The lessee must negotiate with lessor on security, payment modes, and late payment fee. A healthy relationship between both parties before signing the agreement ensures that there are open discussions for negotiations. The key to good negotiation is in the hands of a lessee. He or she must make sure that they gather points after researching about the lessor and present them in a solid way. As a result of negotiations, some lessors waive off the late payment fees and exempt leases from security.

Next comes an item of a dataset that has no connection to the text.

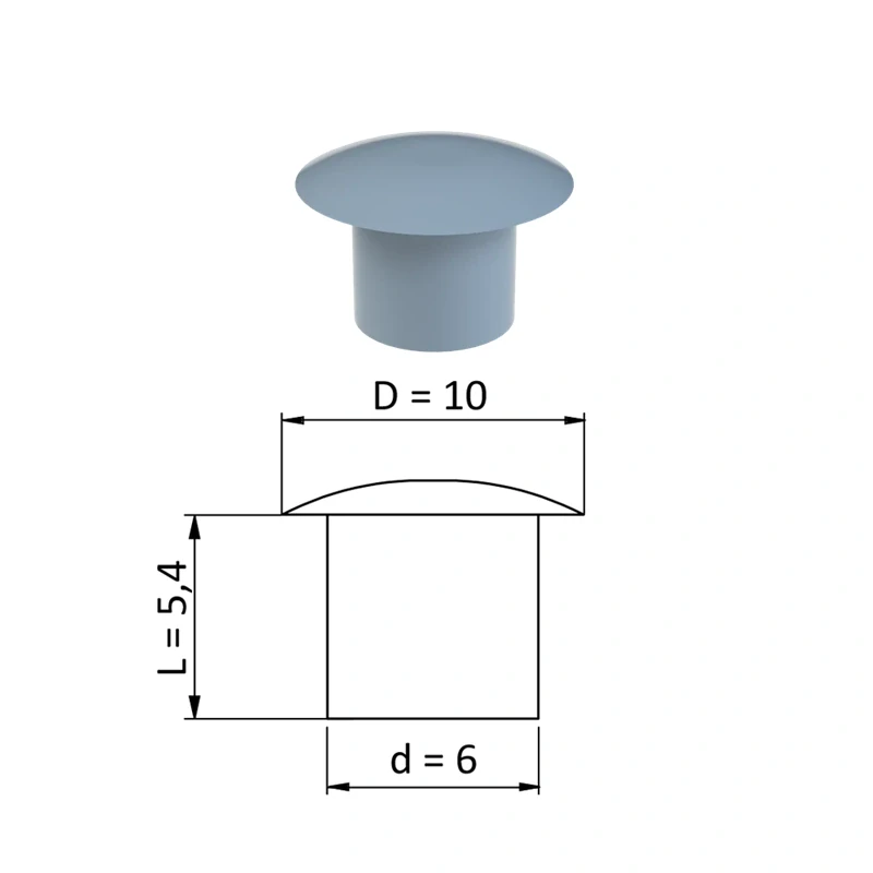 ZDO10x6 Vnútorná krytka guľatá ø 10 mm, otvor ø 6 mm, Šedá, plastSkladom0,10 €/ ks0,08 € bez DPH
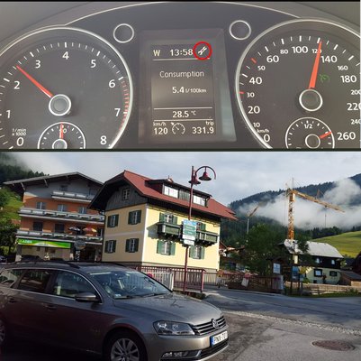 A mi státuszunk az egyik váltó-fél működésének elvesztése volt, tehát az előre 2/4/6 megszűnt, és sajnos a hátramenet is, amit már nem tudtam elpókerezni, egyesült erővel állítottuk be a német tankot menetirányba. Mivel a célállomás közelebb volt, mint az otthonunk, továbbá két és fél napunk maradt nyaralni, nem volt kérdés, hogy folytatjuk utunkat, hiszen a nagy test ugyanúgy vitte a százharmincat mint eddig, csak a pályáról letérve kellett manuális állásban lavírozni a megmaradt fokozatok között. Hallstatt után kicsivel egy hegyi falucska főterén egyszerre eltűnt a hibajelzés, a rendszer hibátlannak ítélte a váltót. Pont a szállásunk előtt bátran hátramenetbe kapcsoltam tehát, de magabiztosságom másodpercek alatt tovaszállt, mikor egy erőteljes fogaskerék-hang után a villáskulcs visszatért, és az erőátvitel kompletten megszűnt úgy, ahogy volt. Egy tágas, bőrhuzatos, kézzel tologatható gardróbunk lett pálcasuhintásra, egy eldugott osztrák szegletben. Sőn und űberkirály.

Benefits & Drawbacks of the Operating Lease
In a Finance Lease or Capital, Lease ownership is transferred to the lessee by the end of the lease period. According to generally accepted accounting principles (GAAP), for a lease to be Capital Lease, it must follow certain rules apart from ownership transfer such as the lease should contain a bargain purchase option and the lease life should exceed 75% of the asset’s economic life, or the present value of a lease payment should exceed 90% of an asset’s market value. Both the Operating and Capital Lease have their own advantages and disadvantages.
Here are some benefits-
- It specifies the responsibilities of both parties
- It specifies the obligations and liabilities of both parties
- It gives a dispute resolution method
- It makes leasing legally binding
- It spells out all the terms and conditions that both parties can refer to
- It reduces tax liabilities
- It is not added in the company’s balance sheet
Drawbacks of this agreement –
- It involves risk
- It involves security and maintenance
What Happens in Case of Violation
In case of any violation, both the lessee and lessor are well within their rights to approach the court. However, it is suggested that both parties refer to the agreement and try to mediate before involving the court. Depends on the state you live in, the state laws also apply. Both parties should ensure that all obligations and responsibilities are followed as per the agreement to avoid any dispute or breach.
A lease agreement is like a rent agreement that needs a good and healthy off-paper relationship between the entities involved. Both parties must ensure that they follow the agreement’s terms and conditions and maintain a healthy relationship. It is a highly beneficial agreement that helps both parties in their business. So, it must be used with all seriousness. The monthly payments should be made on time by the lessee.